> Task item
Using the data below, set down every line from the one containing "2、选定投票模板:在投票加加" through the one containing "Orange L-shape Cubicle", inclusive and unchanged. Pictures are to be skipped.

> Information shown
________________

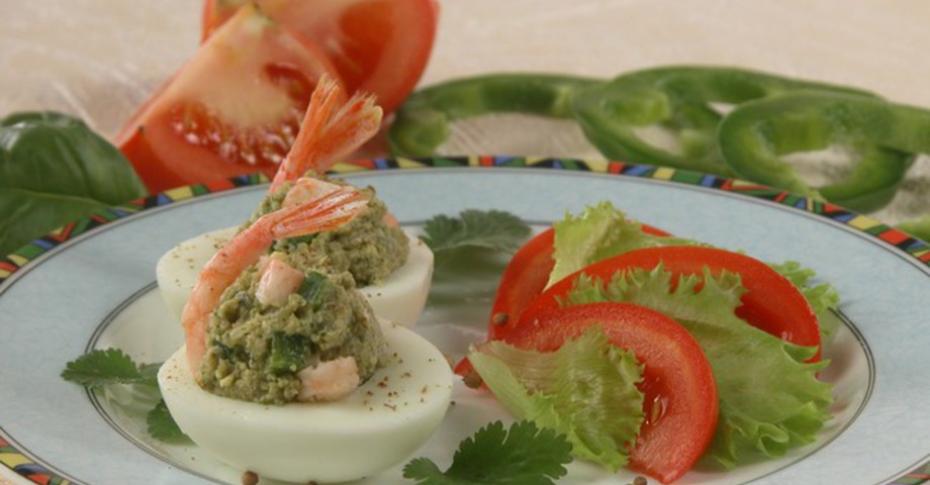 Яйца с креветками, фаршированные авокадо
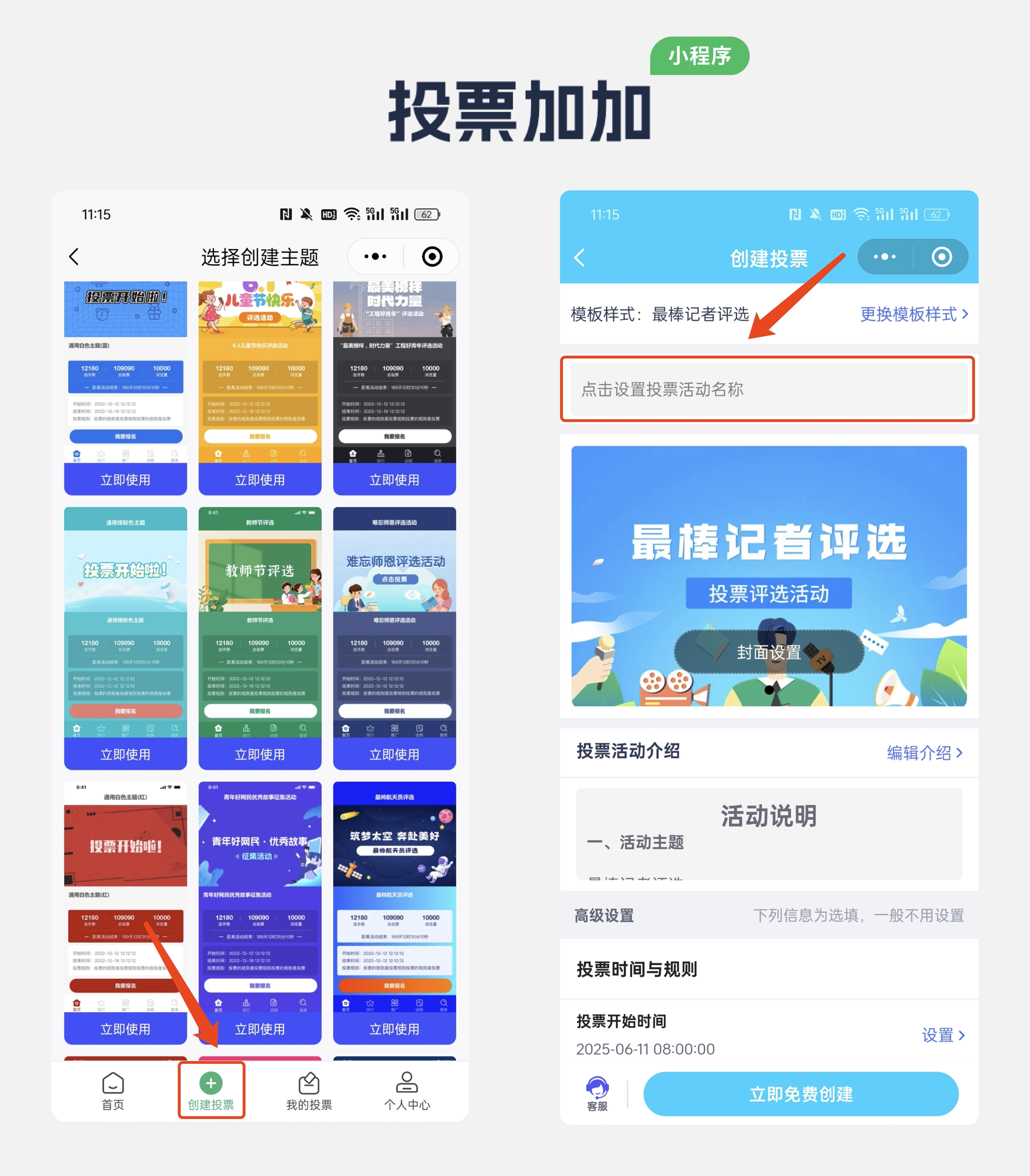 2、选定投票模板:在投票加加小程序主界面,你会看到琳琅满目的投票模板。这些模板涵盖了各种常见的投票场景,如活动评选、意见征集、赛事投票等。你可以根据自身投票需求。
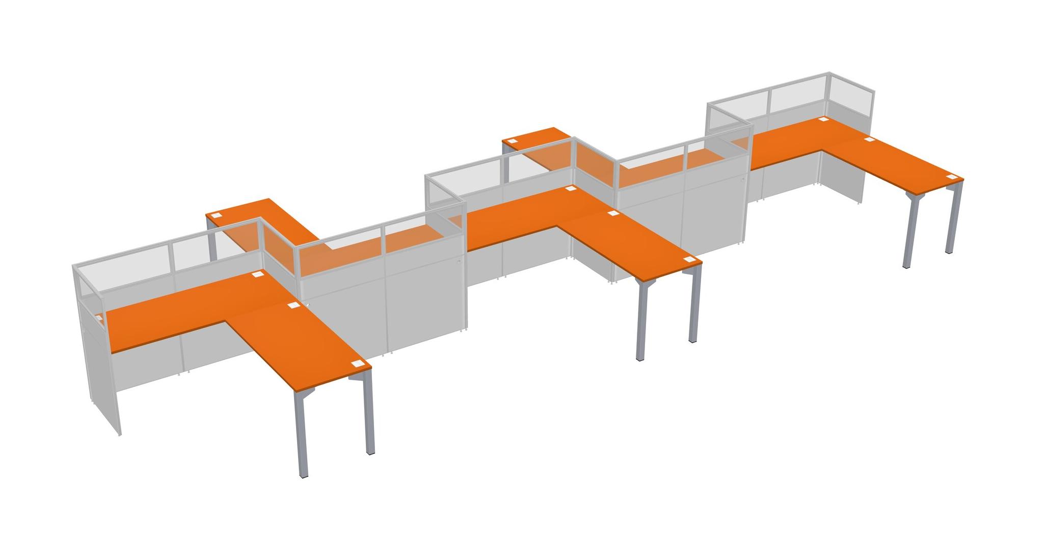 Orange L-shape Cubicle Workstations For 5 - Zigzag Formation + Panel Return
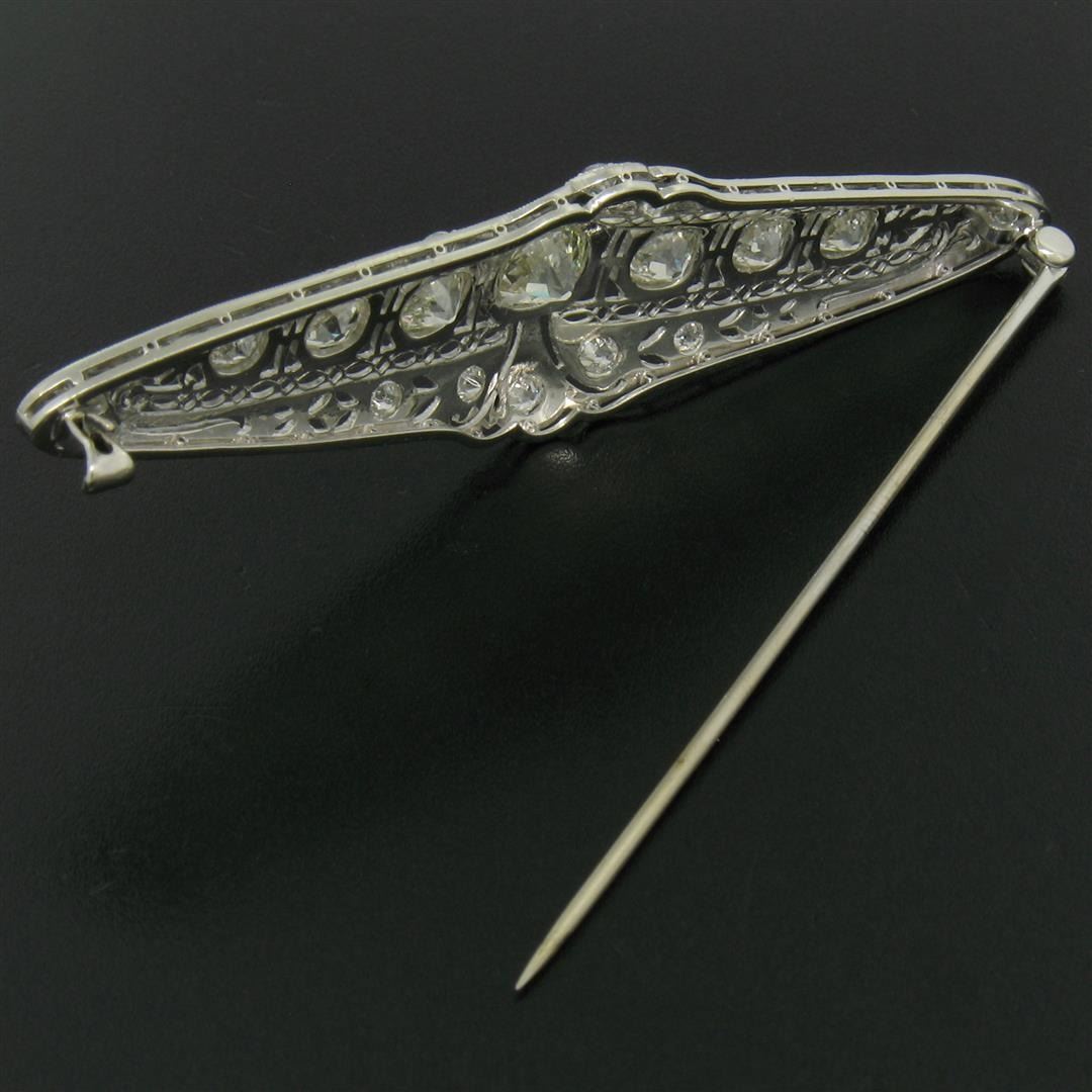 An art deco period platinum filigree brooch with a central 1.58ct old European cut diamond (K - SI1) surrounded by 4.42ctw of European and mine cut diamonds (G to I - VS2 to SI2). Measures 21.10x75.05mm and weighs a total of 12.84 grams.

________________

> Reply
 2、选定投票模板:在投票加加小程序主界面,你会看到琳琅满目的投票模板。这些模板涵盖了各种常见的投票场景,如活动评选、意见征集、赛事投票等。你可以根据自身投票需求。
 Orange L-shape Cubicle Workstations For 5 - Zigzag Formation + Panel Return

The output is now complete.